From our previous experience with large audit tables, we had problems like inserts starting to slow down, queries taking absolute ages and so on. We will need to get deltas out quite frequently too so this seems like a ticking time bomb.

1) Is it possible to configure JaVers so it stores changes in separate tables, one per each entity - something like

  • foo_global_id, foo_snapshot, foo_commit, foo_commit_property
  • bar_global_id, bar_snapshot, bar_commit, bar_commit_property

If it is not possible at the moment, how hard would it be to add such a feature (us willing to invest time and submit patches)?

2) Let's say we have

class Foo {
   String bar;
}

After some time we decide to add another field

class Foo {
   String bar;
   int baz = 0;
}

I suspect that if we update an instance of Foo and change bar only but keep baz = 0, JaVers will report change saying baz=0 has been added. Is there anything in JaVers which is designed to deal with data model changes and avoid such false positives?


Solution

  • Solution a) that you suggests it's not possible in JaVers SQL Repository. It would be very hard to implement. Think about implementing cross-class queries like child-value-objects-filter in SQL.

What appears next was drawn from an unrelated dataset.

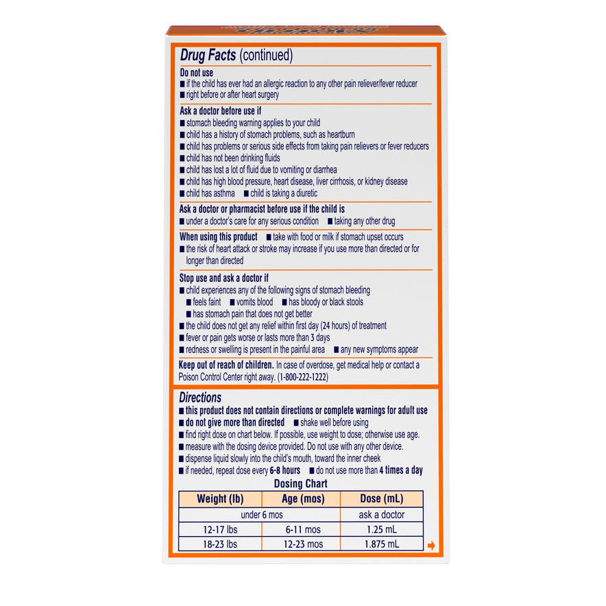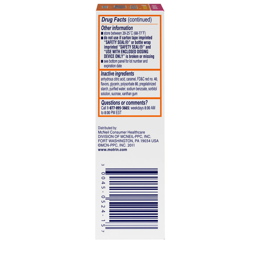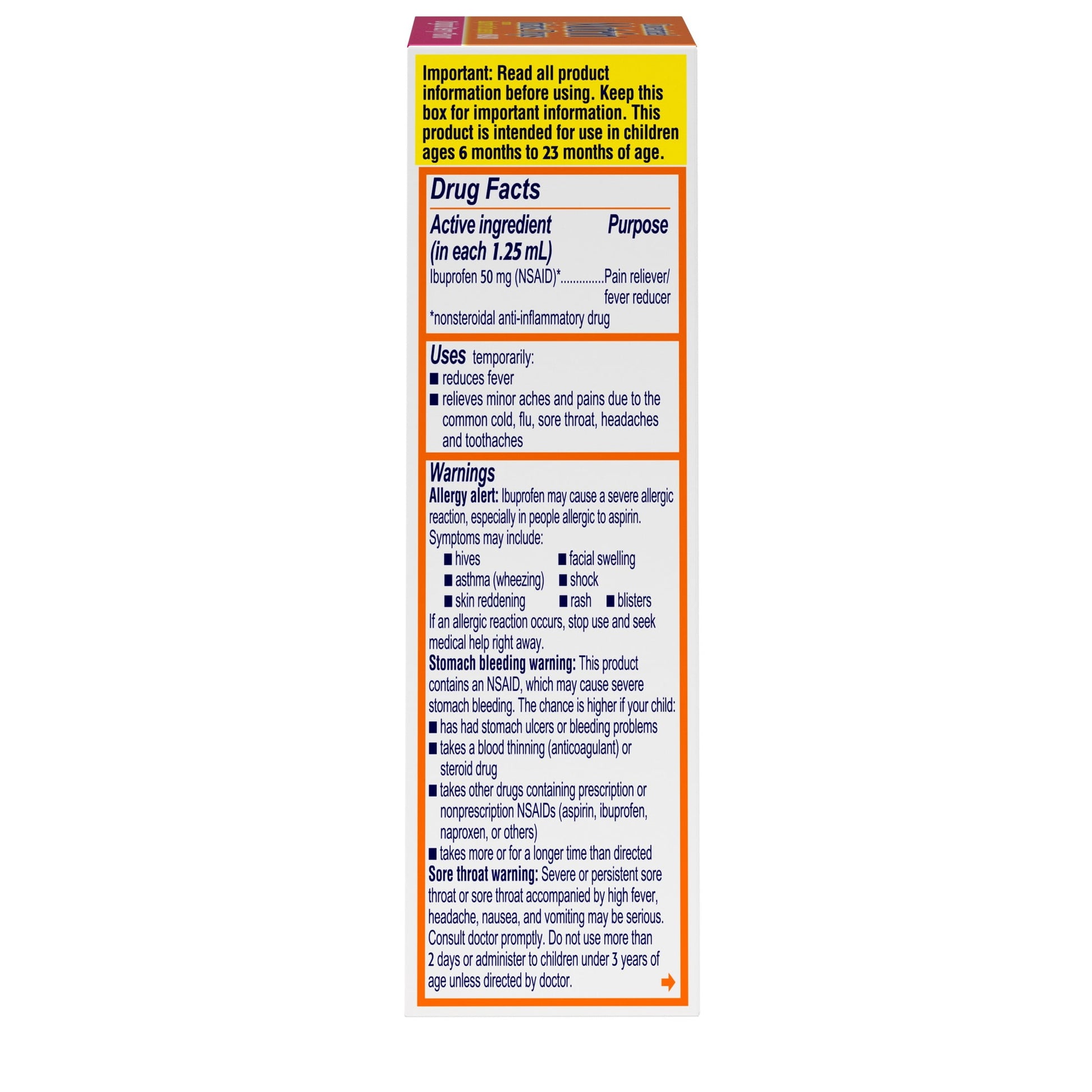 Help your little one feel better with Infants' Motrin Concentrated Drops. Containing 50 milligrams of ibuprofen per 1.25-milliliter dose, these pediatrician-recommended drops provide up to eight hours of relief from minor aches and pains due to the common cold, flu, sore throat, headaches, and toothaches. This berry-flavored formula is free of alcohol and is for use in infants 6-23 months.

    In fact it would be some kind of sharding which is rather hard to achieve in SQL DB.

    For large databases we recommend using MongoDB (http://javers.org/documentation/repository-configuration/#mongodb-configuration). In MongoDB sharding is available out-of-the box at the DB level.

    Considering b) question. I wouldn't say it's a false positive. Objects: {'bar':'a'} and {'bar':'a', 'baz':0} are different. You can eliminate such changes if baz would be null (Integer).